*** SUPPLIED ENTRIES ***

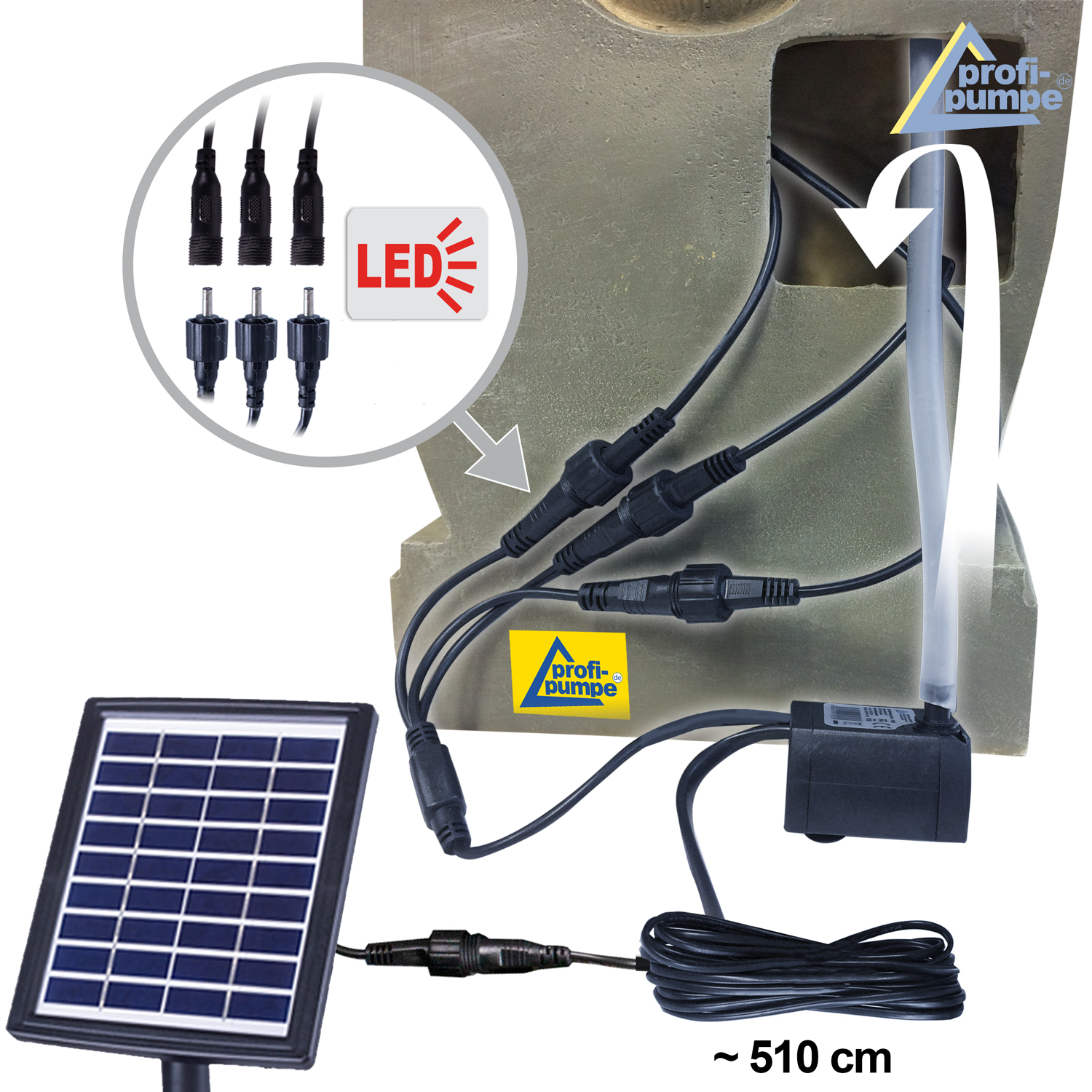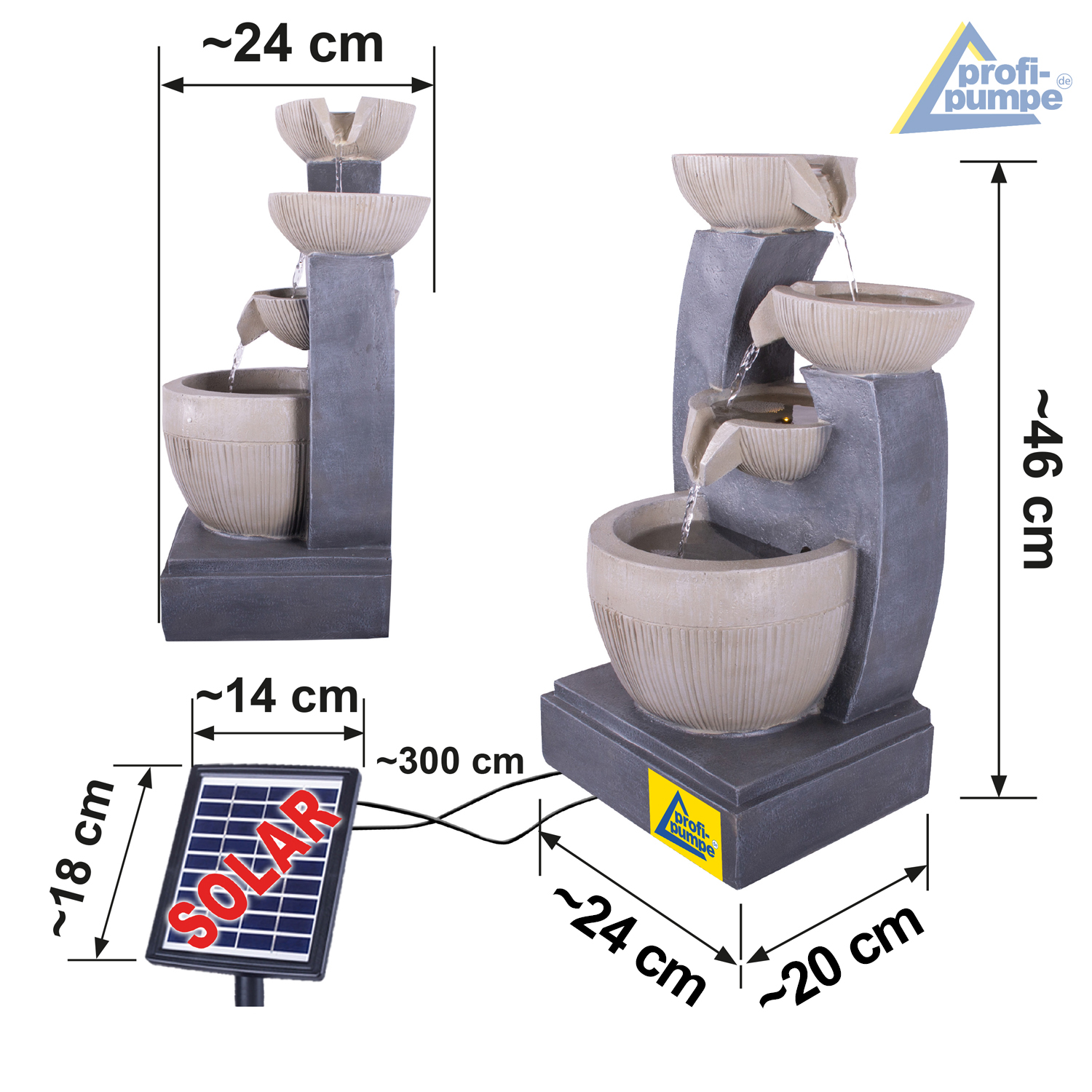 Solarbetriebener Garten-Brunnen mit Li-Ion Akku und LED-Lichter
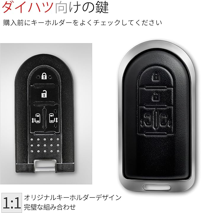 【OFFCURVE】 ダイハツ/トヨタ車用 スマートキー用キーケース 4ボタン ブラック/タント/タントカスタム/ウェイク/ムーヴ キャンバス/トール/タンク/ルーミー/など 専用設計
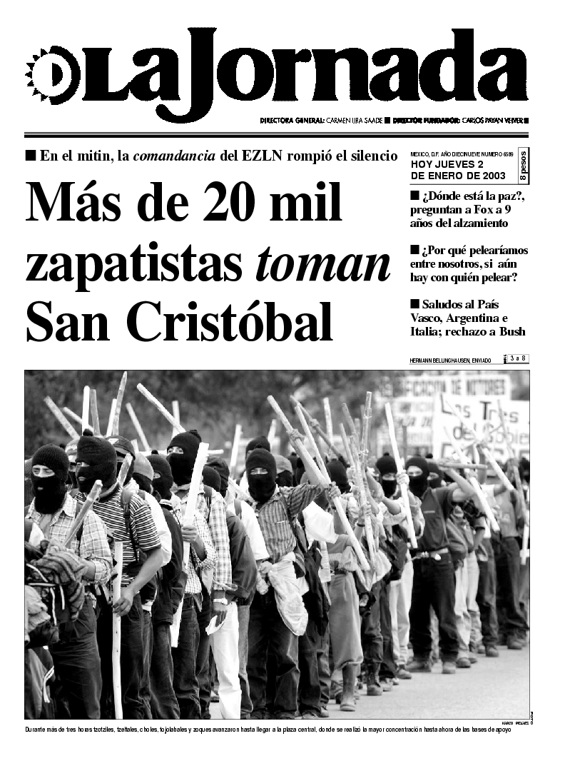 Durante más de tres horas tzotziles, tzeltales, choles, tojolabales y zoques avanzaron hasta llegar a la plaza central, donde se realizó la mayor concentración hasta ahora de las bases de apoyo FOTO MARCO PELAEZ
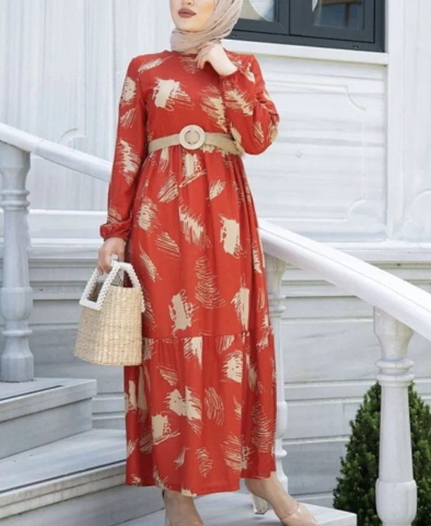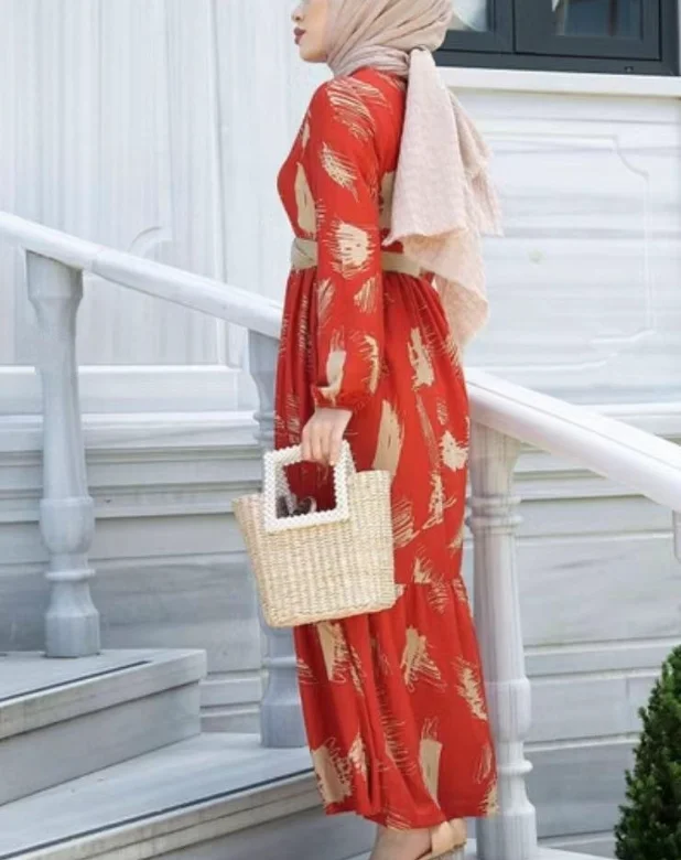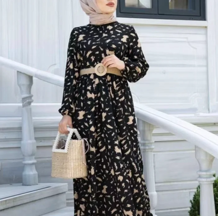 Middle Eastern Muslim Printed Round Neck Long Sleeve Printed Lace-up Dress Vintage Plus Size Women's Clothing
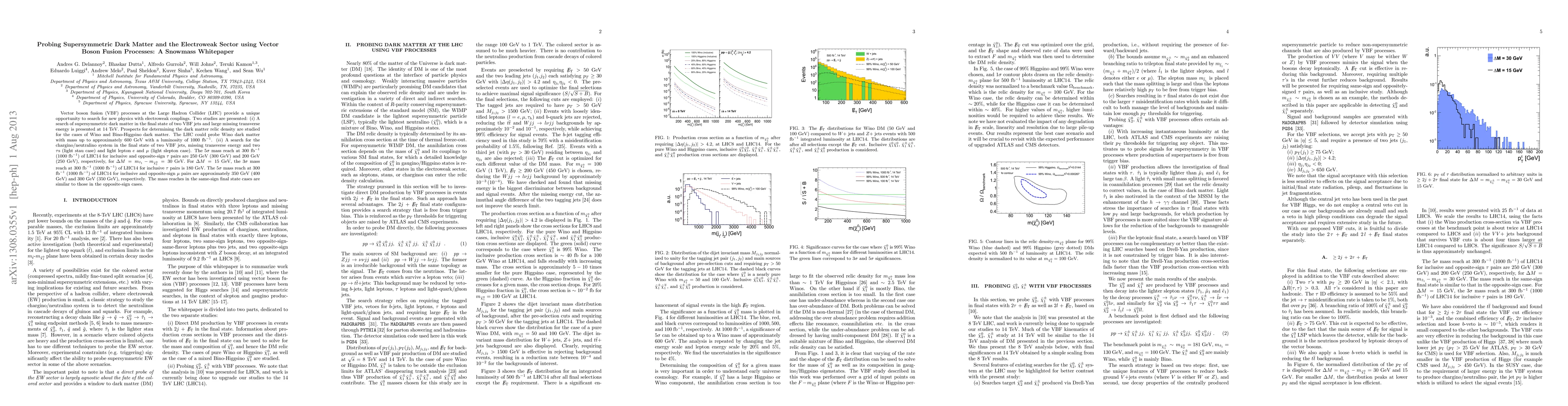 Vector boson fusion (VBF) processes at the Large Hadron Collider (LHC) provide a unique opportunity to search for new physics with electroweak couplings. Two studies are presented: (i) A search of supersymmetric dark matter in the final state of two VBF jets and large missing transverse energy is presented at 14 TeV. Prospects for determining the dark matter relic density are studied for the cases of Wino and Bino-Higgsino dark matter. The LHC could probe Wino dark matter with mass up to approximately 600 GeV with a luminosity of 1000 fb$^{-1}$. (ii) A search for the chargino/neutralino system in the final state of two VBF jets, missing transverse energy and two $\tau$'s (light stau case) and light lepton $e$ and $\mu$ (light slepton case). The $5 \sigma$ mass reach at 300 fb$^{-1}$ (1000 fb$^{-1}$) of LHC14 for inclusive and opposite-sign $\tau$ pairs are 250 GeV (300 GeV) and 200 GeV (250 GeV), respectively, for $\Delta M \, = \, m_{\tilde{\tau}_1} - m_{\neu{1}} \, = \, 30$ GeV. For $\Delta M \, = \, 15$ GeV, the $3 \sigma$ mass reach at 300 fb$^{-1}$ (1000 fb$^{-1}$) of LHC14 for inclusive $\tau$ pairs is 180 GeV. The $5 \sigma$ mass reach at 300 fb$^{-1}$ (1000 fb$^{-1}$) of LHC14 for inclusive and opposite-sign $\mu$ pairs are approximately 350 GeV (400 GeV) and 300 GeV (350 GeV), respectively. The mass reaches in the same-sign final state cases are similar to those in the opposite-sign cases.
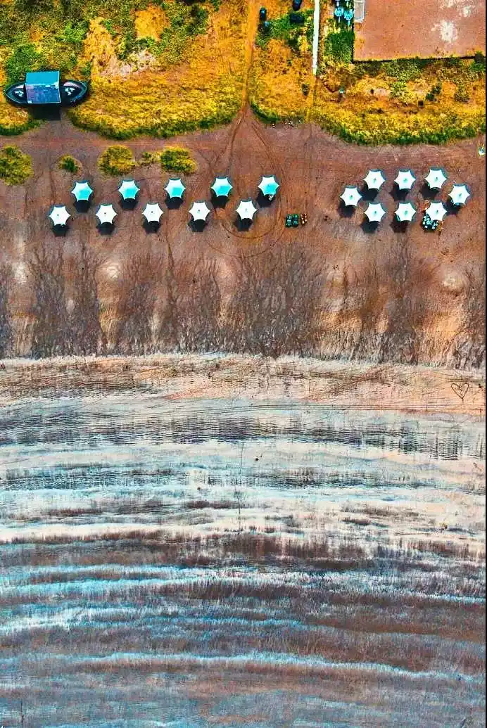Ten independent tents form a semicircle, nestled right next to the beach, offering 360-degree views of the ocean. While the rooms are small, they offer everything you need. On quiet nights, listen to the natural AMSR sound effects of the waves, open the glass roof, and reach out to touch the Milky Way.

*** End of SUPPLIED ENTRIES ***

**ACTIVITY**
Every line above between the one containing "ブラック/タント/タントカスタム/ウェイク/ムーヴ キャンバス/トール/タンク/ルーミー/など 専用設計" and the one containing "Middle Eastern Muslim", those two included, is to be printed exactly. No pictures go into the copy.

**RESPONSE**
 【OFFCURVE】 ダイハツ/トヨタ車用 スマートキー用キーケース 4ボタン ブラック/タント/タントカスタム/ウェイク/ムーヴ キャンバス/トール/タンク/ルーミー/など 専用設計
 Durante más de tres horas tzotziles, tzeltales, choles, tojolabales y zoques avanzaron hasta llegar a la plaza central, donde se realizó la mayor concentración hasta ahora de las bases de apoyo FOTO MARCO PELAEZ
 Middle Eastern Muslim Printed Round Neck Long Sleeve Printed Lace-up Dress Vintage Plus Size Women's Clothing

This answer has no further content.